Still, the central nugget of the film, which is emphatically not one of spiritual awakening but of the pressure of being torn between duty and family, is entirely convincing, not least because of Fiennes's best-in-show performance, a warmly human take on a schematic literary figure. It is thanks to him above all that the matter of Moses and Rameses is shown to be a personal conflict, not a religious or political one; though the script keeps stating this over and over again, nothing in the film's depiction of Moses really makes it believable. But in Rameses, in him we can see the pain of being abandoned by a loved one, and while reducing the Exodus story to "Pharaoh was upset at Moses and took it out on the Hebrews" is terribly theology, it's remarkably compelling drama (this is all ultimately taken from the 1956 epic The Ten Commandments, but the DreamWorks version is infinitely more intimate than DeMille's starchy melodrama).

It helps everything that the characters are so convincingly animated by a great team, many of whom followed Katzenberg from Disney, some of whom returned there. At this point, DreamWorks was still trying very hard to replicate that studio, not present a new way forward, so it's hardly surprising that most of the characters feel so Disneyesque, nor that the fluidity and quality of their expression is at times the equally to anything Disney was putting out around the same time (The Prince of Egypt was released the same year as Mulan, and a year later than Hercules; the latter in particular is a fine film for many reasons, but exquisite character animation isn't clearly one of them).
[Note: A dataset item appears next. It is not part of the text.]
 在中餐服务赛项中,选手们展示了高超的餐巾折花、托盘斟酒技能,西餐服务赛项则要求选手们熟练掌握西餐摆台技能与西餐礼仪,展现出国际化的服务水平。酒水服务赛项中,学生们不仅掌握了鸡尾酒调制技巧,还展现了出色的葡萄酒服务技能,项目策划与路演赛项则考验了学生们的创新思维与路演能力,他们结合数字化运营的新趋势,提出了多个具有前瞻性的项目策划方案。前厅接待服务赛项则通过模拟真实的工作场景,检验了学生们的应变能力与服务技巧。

Again, Rameses is a highlight: even underneath his make-up, designed to further connect the film visually to Egyptian art, his feelings are quite plain. But the animators in charge of Moses pick up where Kilmer's performance never reaches, creating a sensitive figure quite the equal of his adopted brother. It's in these two gracefully-drafted characters that The Prince of Egypt finds its best footing: for all the sturm und drang all over, it's the littleness of the central humans that makes it a good film, not the epic scale - though by all means, the epic stuff is often quite good, though at times it goes a little over the top (the plague of fire is excellent; the passage of the Red Sea is kind of silly and too self-conscious, as in a moment where a whale's silhouette can be seen in the wall of water. It's meant to be dramatic, but it's mostly goofy, and though the filmmakers could not have anticipated it, recalls the already-completed "flying whales" sequence from Fantasia 2000 in a most uncomfortable way.
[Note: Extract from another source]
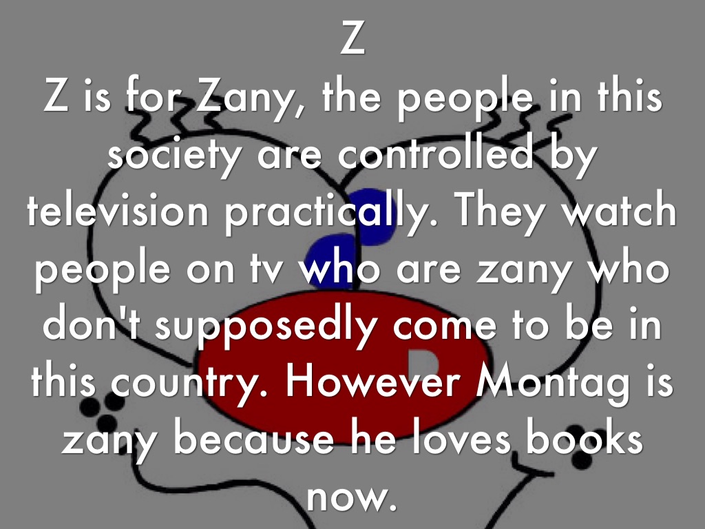 Z is for Zany, the people in this society are controlled by television practically. They watch people on tv who are zany who don't supposedly come to be in this country. However Montag is zany because he loves books now.

The Prince of Egypt is a movie made by incredibly talented people, working to put together one of the most beautiful animated films of the late 1990s; they are undone only by the certainty that they are doing something important. There needs to be a bit more oxygen, is all, and a bit less hushed awe, and definitely less distracting celebrity voices (a close second to Patrick Stewart in this regard is Jeff Goldblum as Aaron, the kind of inspired miscasting that, taken in isolation, would make the film sound almost kitschy). But as far as an exercise in working out the kinks, The Prince of Egypt could have been a great first step for DreamWorks to take. They didn't unfortunately, go in the direction promised by this film; after a few mostly harmless light entertainments in traditional animation, they embraced the dark side and a decade later, we have Megamind. It did not have to be so, and while it is no masterpiece, The Prince of Egypt makes me weep for its promise of a road not taken.




*I don't suppose I've missed out on seeing a movie on my birthday but two or three times in the last 20 years. It tends to be a good date for moviegoing, as it comes out right at the point in Oscarbait season when at least one studio gives up and releases a big goofy entertainment, but serious middlebrow art films are still getting cranked out regularly.